Something that is well known in the statistics world but perhaps less well known in the machine learning world is Stein’s paradox.

When I was growing up, people used to say: do you remember where you were when you heard that JFK died? (I was three, so I don’t remember. My first memory is watching the Beatles on Ed Sullivan.)

Similarly, statisticians used to say: do you remember where you were when you heard about Stein’s paradox? That’s how surprising it was. (I don’t remember since I wasn’t born yet.)

Here is the paradox. Let ${X \sim N(\theta,1)}$. Define the risk of an estimator ${\hat\theta}$ to be

$\displaystyle R_{\hat\theta}(\theta) = \mathbb{E}_\theta (\hat\theta-\theta)^2 = \int (\hat\theta(x) - \theta)^2 p(x;\theta) dx.$

An estimator ${\hat\theta}$ is inadmissible if there is another estimator ${\theta^*}$ with smaller risk. In other words, if

$\displaystyle R_{\theta^*}(\theta) \leq R_{\hat\theta}(\theta) \ \ {\rm for\ all\ }\theta$

with strict inequality at at least one ${\theta}$.

Question: Is ${\hat \theta \equiv X}$ admissible.

Now suppose that ${X \sim N(\theta,I)}$ where now ${X=(X_1,X_2)^T}$, ${\theta = (\theta_1,\theta_2)^T}$ and

$\displaystyle R_{\hat\theta}(\theta) = \mathbb{E}_\theta ||\hat\theta - \theta||^2.$

Question: Is ${\hat \theta \equiv X}$ admissible.

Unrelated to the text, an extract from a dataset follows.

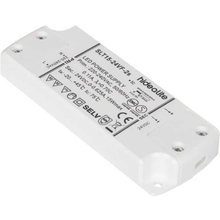 LED-muuntaja, joka on tarkoitettu käytettäväksi 24V LED-valonlähteiden kanssa. Sisäänrakennettu oikosulkusuoja, ylikuormitussuoja ja ylikuumenemissuoja automaattisella uudelleenkäynnistyksellä.

Now suppose that ${X \sim N(\theta,I)}$ where now ${X=(X_1,X_2,X_3)^T}$, ${\theta = (\theta_1,\theta_2,\theta_3)^T}$ and

$\displaystyle R_{\hat\theta}(\theta) = \mathbb{E}_\theta ||\hat\theta - \theta||^2.$

Question: is ${\hat \theta \equiv X}$ admissible.

If you don’t find this surprising then either you’ve heard this before or you’re not thinking hard enough. Keep in mind that the coordinates of the vector ${X}$ are independent. And the ${\theta_j's}$ could have nothing to do with each other. For example, ${\theta_1 = }$ mass of the moon, ${\theta_2 = }$ price of coffee and ${\theta_3 = }$ temperature in Rome.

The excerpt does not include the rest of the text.